To Beat ISIS, We Ought to Try Robotskrieg

To Beat ISIS, We Ought to Try Robotskrieg                             

Gary Anderson

If we aren’t willing to use American infantry against ISIS, perhaps we might consider using robots. To date, most candidates in the 2016 presidential race concede that something more forceful has to be done about destroying the terror sanctuary that the self- proclaimed caliphate of the Islamic State has become. However, no remaining candidate has come out and declared that he or she would use American ground combat forces to do the job. Most would go so far as to embed US trainers and teams to call in precision airstrikes. The problem is that it will likely take years to train coalition assault troops in the urban tactics needed to retake large urban area such as Mosul and Raqqa from the thousands of dedicated hard core fighters that would defend those cities. When Iraqi troops retook Tikrit and Ramadi, they faced only a few hundred ISIS fighters and overwhelmingly outnumbered the defenders.  Even then, the battles were long and bloody. Ergo, robots.

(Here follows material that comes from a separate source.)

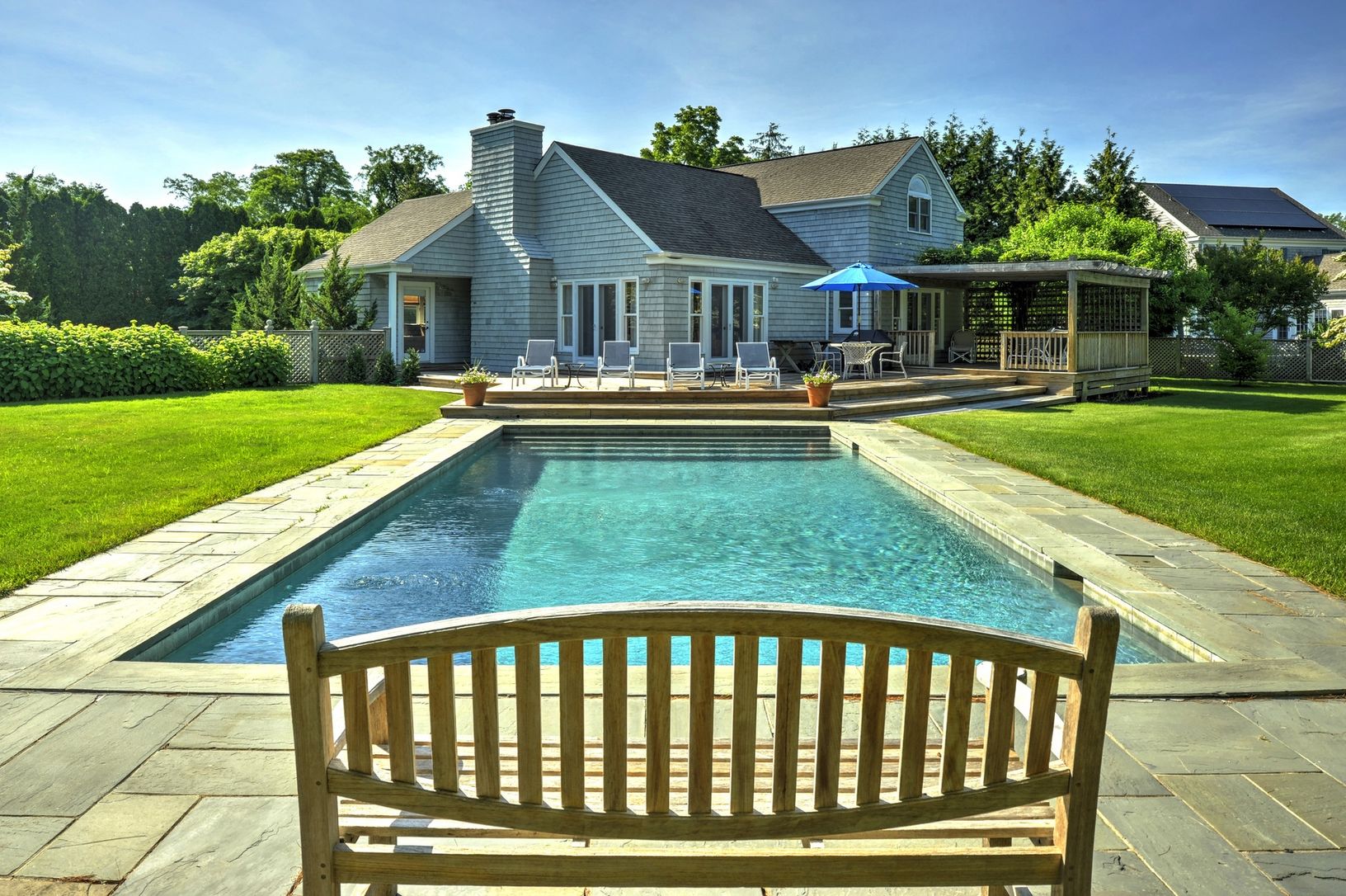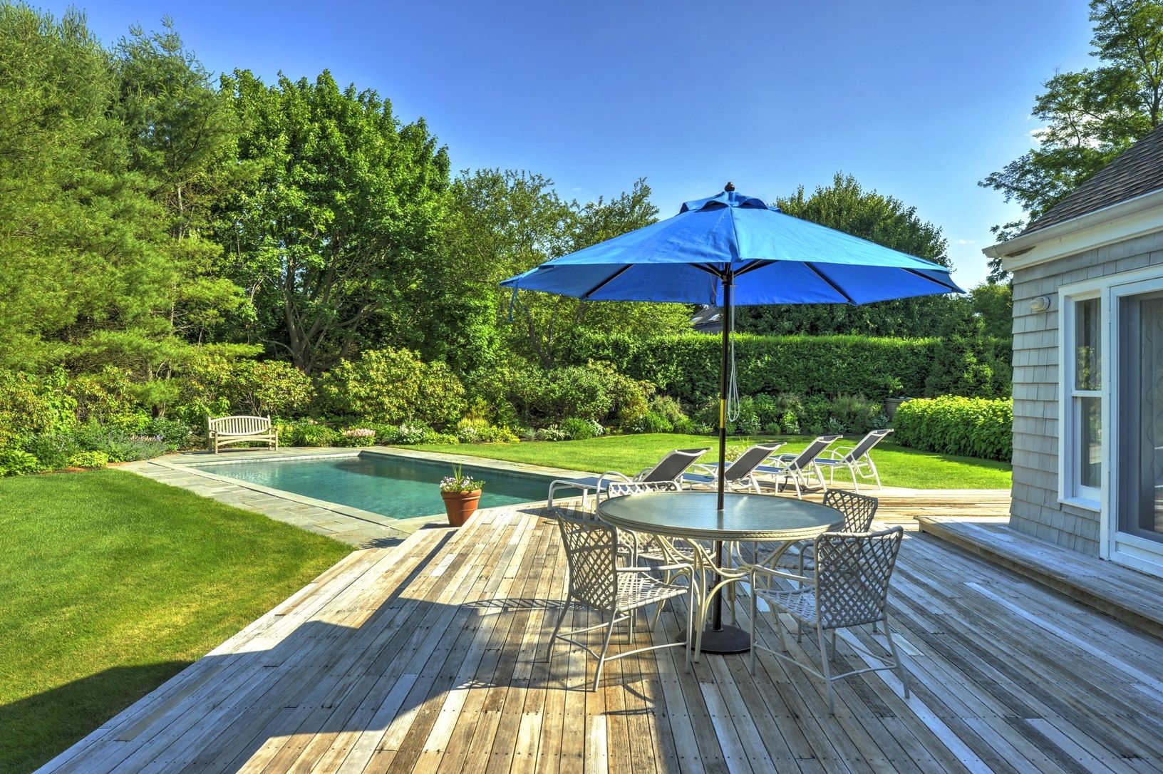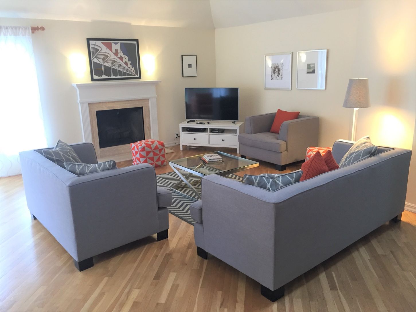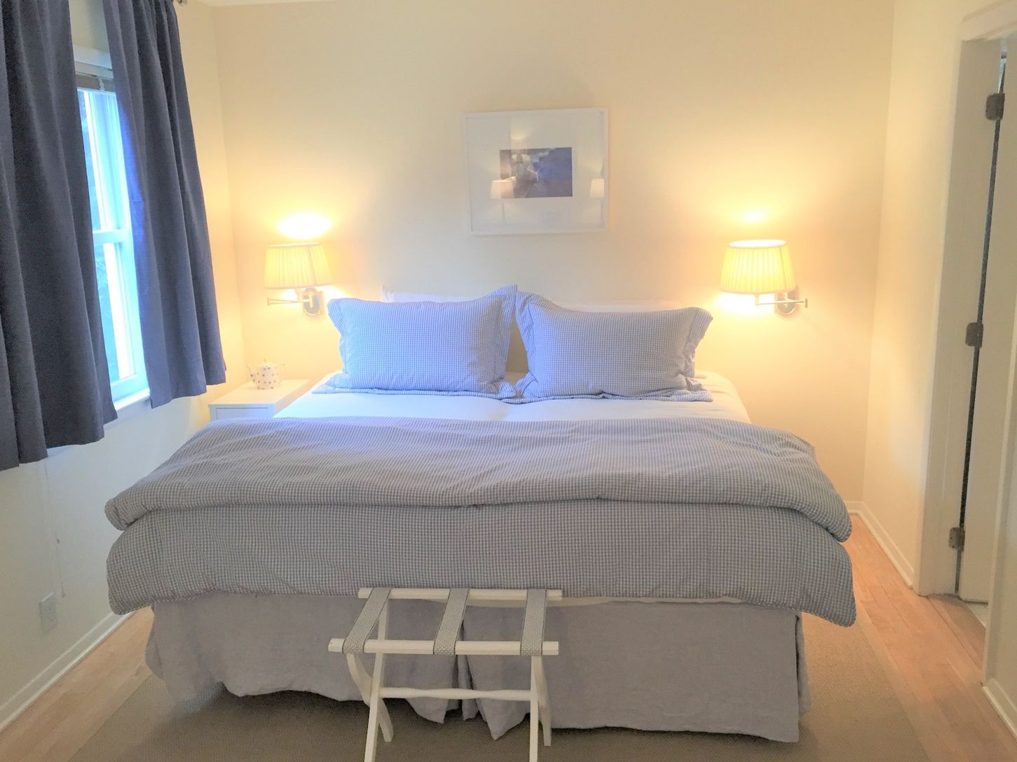 Light filled modern house. The large open space with fireplace is reminiscent of loft living with living and dining room in an open floor plan. Granite and stainless kitchen has an island with stools and a computer desk. Two bedrooms and one bath on the main floor with the master suite above. There is a covered lanai over the deck in view of the lush property. Available July @ $25,000

Urban combat is the most difficult and dangerous kind, and the defender has all the advantages. OPERATION PHANTOM FURY, the battle waged by U.S. Marines to retake mid-sized Fallujah in 2004, was the bloodiest Marine Corps battle since the Vietnam War. Fallujah was defended by al Qaeda in Iraq (AQI) which was the linear predecessor of ISIS. Some of the senior Islamic State commanders today are veterans of that fight. The Marines faced snipers, booby traps, suicide bombers, and tunnels. AQI blew mouse holes in the walls that connected the buildings so they could maneuver between buildings without exposing themselves to American aircraft.

The Americans had two advantages that Iraqi, Kurdish, or Free Syrian troops will not have in assaulting places like Mosul or Raqqa. AQI made the mistake of allowing much of the population to leave Fallujah before the fighting began. ISIS has made it clear that it will not repeat that error. Second, the Marines had anticipated the problems of urban combat based on their experience in Mogadishu in Somalia in 1993. From 1998-2001, the Marines engaged in a massive program of urban training and experimentation to prepare for offensive combat in cities. The tactics and equipment Marines used in Fallujah were direct result of URBAN WARRIOR. Our coalition allies will benefit from some of that experience from American trainers, but it will take many months to bring our allies up to speed. This is where robotics might help.

One of the things those of us who were involved with URBAN WARRIOR examined was the use of remotely operated unmanned ground vehicles (UGVs) as assault units to clear buildings in the belief that the robotic vehicles would be less vulnerable than humans to sniper fire, IEDs, and suicide bombers. Unfortunately, early experiments and war games showed that the technology at the time was simply not mature enough to make urban assault UGVs feasible.

It is now nearly two decades later, and many of the technologies we wanted to put aboard the assault UGVs are now mature enough; so are the robotic platforms available today. Many of the types of UGV platforms that fight each other on popular TV shows are now small and agile enough to operate inside buildings. The robots do not need months of training and discipline. Once the assault UGVs have cleared a building, coalition troops could move in and hold it; this kind of operation requires less training and experience than urban assault.

The theory here is that by attaching five or six robotic teams to each coalition assault battalion, we could prepare existing allied infantry for urban combat relatively quickly. The weapons systems and platforms needed to accomplish this exist; they merely need to be married to capable UGV platforms. This would not require an American effort on the scale of the Manhattan Project that developed the first Atomic Bombs. We are probably talking about a four-to-five- month science project with a couple of more months of work-up with our coalition partners.

Any technology can be countered eventually, but the object of this exercise would be to deny ISIS time to counter it. Although ISIS is estimated to have about 30,000 followers, the number of highly trained jihadist light infantry that comprise the core of their army is in the low thousands. Once they are gone, those fighters will be irreplaceable in the foreseeable future. With its army destroyed and stripped of its urban sanctuaries, ISIS will become just another wandering bunch of extremist thugs. Robots are worth a try.

Gary Anderson is a retired Marine Corps Colonel. He was the Chief of Staff of the Marine Corps Warfighting Laboratory during the URBAN WARRIOR experiments.